Как и в первой книге трилогии «Предназначение», авторская, личная интонация придаёт историческому по существу повествованию характер душевной исповеди. Эффект переноса читателя в описываемую эпоху разителен, впечатляющ – пятидесятые годы, неизвестные нынешнему поколению, становятся близкими, понятными, важными в осознании протяжённого во времени понятия Родина. Поэтические включения в прозаический текст и в целом поэтическая структура книги «На дороге стоит – дороги спрашивает» воспринимаеются как яркая характеристическая черта пятидесятых годов, в которых себя в полной мере делами, свершениями, проявили как физики, так и лирики.

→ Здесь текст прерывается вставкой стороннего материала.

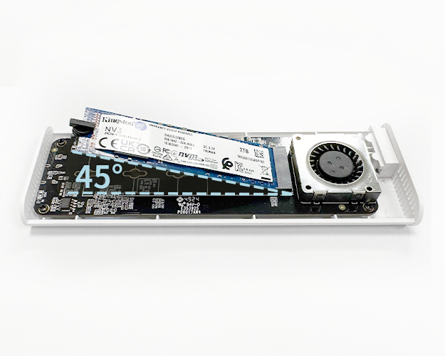 No screwdrivers are needed; just install your M.2 SSD using the included latch, slide the cover to secure the case, and you’re ready to go.
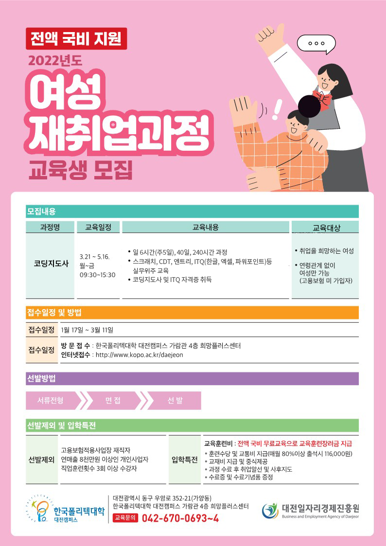 방문접수 : 한국폴리텍대학 대전캠퍼스 가람관 4층 희망플러스센터
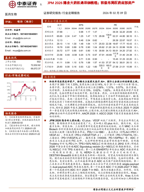 【中泰证券】【202602】医药生物行业:JPM+2026隐含大药机遇详细梳理;积极布局医药底部资产-15页 证券期货研究报告
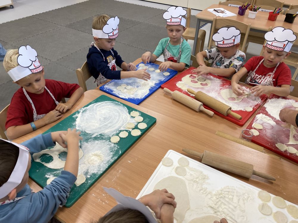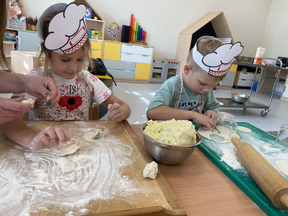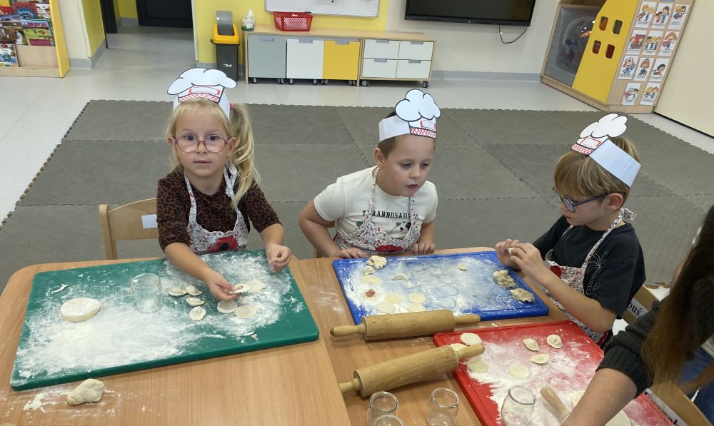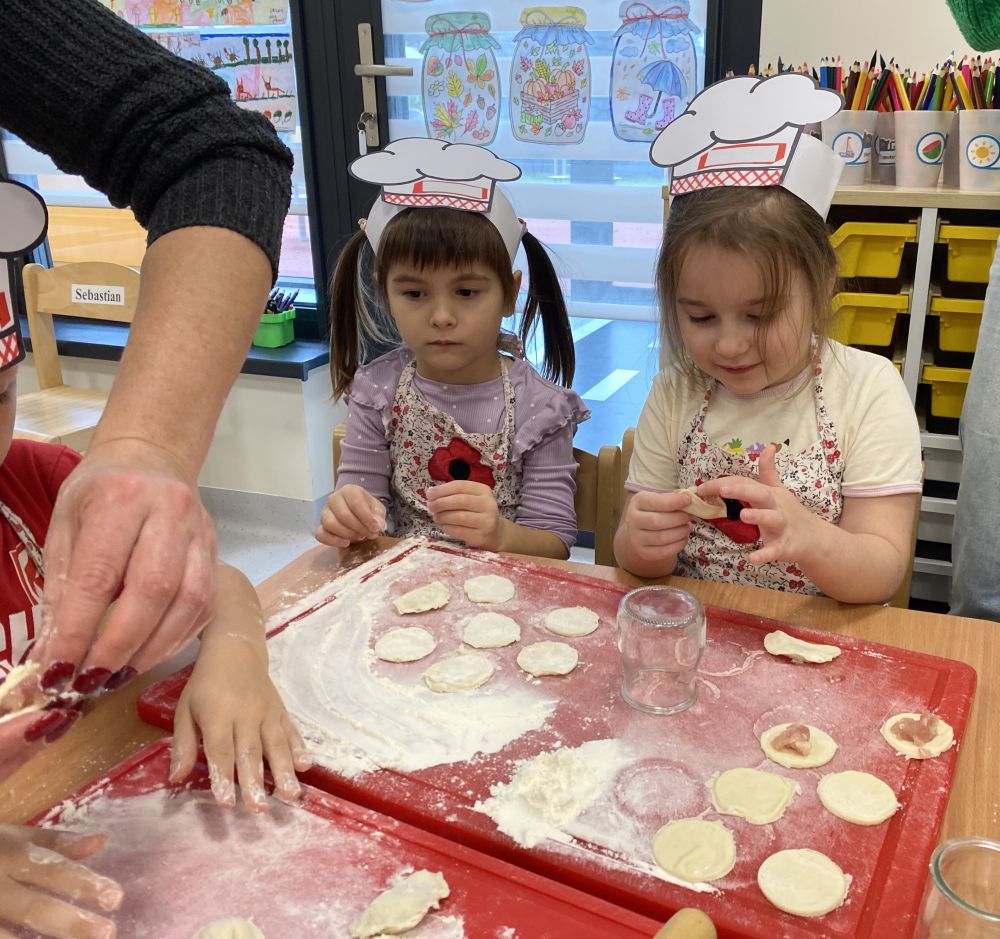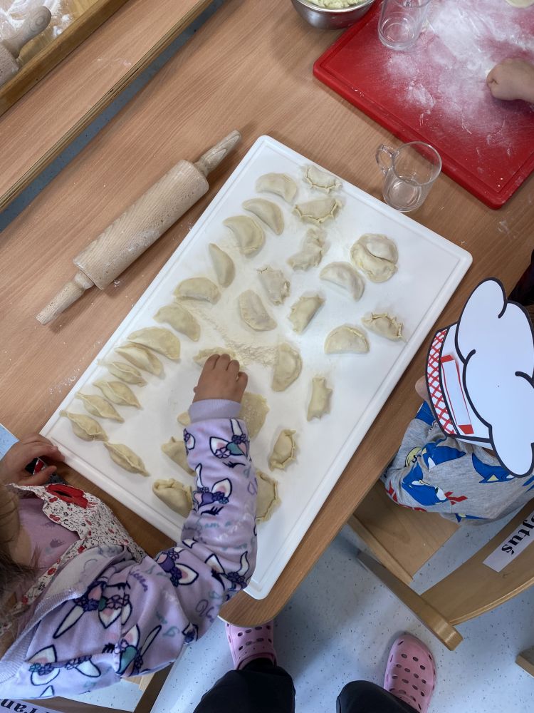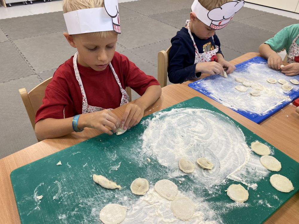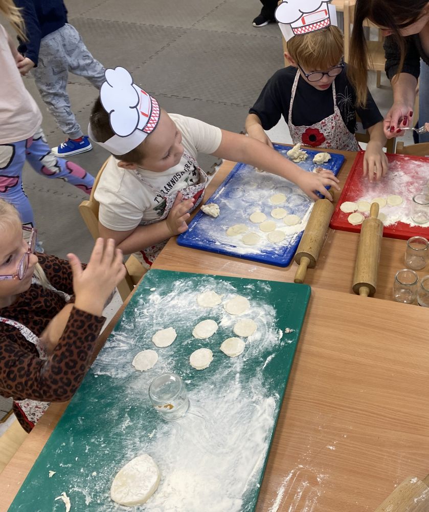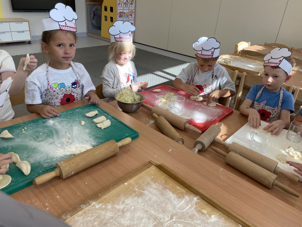 Dzieci w ramach projektu uczestniczyły w warsztatach z rodzicami dzieci z Ukrainy. Odwiedziła nas Pani, która wspólnie z dziećmi przygotowywała pierogi od podstaw. Było to ciekawe i integrujące doświadczenie, pozwalające poznać ukraińskie tradycje kulinarne, świetnie się przy tym bawiąc i ucząc.

В книге рассказывается история главного героя, который сталкивается с различными проблемами и препятствиями на протяжении всего своего путешествия. По пути он встречает множество второстепенных персонажей, которые играют важные роли в истории. Благодаря опыту главного героя книга исследует такие темы, как любовь, потеря, надежда и стойкость. По мере того, как главный герой преодолевает свои трудности, он усваивает ценные уроки жизни и растет как личность.
В книге рассказывается история главного героя, который сталкивается с различными проблемами и препятствиями на протяжении всего своего путешествия. По пути он встречает множество второстепенных персонажей, которые играют важные роли в истории. Благодаря опыту главного героя книга исследует такие темы, как любовь, потеря, надежда и стойкость. По мере того, как главный герой преодолевает свои трудности, он усваивает ценные уроки жизни и растет как личность.
Повести и рассказы молодого петербургского писателя Антона Задорожного, вошедшие в эту книгу, раскрывают современное состояние готической прозы в авторском понимании этого жанра. Произведения написаны в период с 2011 по 2014 год на стыке психологического реализма, мистики и постмодерна и затрагивают социально заостренные темы.
В книге рассказывается история главного героя, который сталкивается с различными проблемами и препятствиями на протяжении всего своего путешествия. По пути он встречает множество второстепенных персонажей, которые играют важные роли в истории. Благодаря опыту главного героя книга исследует такие темы, как любовь, потеря, надежда и стойкость. По мере того, как главный герой преодолевает свои трудности, он усваивает ценные уроки жизни и растет как личность.
«Улица Сервантеса» – художественная реконструкция наполненной удивительными событиями жизни Мигеля де Сервантеса Сааведра, история создания великого романа о Рыцаре Печального Образа, а также разгадка тайны появления фальшивого «Дон Кихота»…Молодой Мигель серьезно ранит соперника во время карточной ссоры, бежит из Мадрида и скрывается от властей, странствуя с бродячей театральной труппой. Позже идет служить в армию и отличается в сражении с турками под Лепанто, получив ранение, навсегда лишившее движения его левую руку.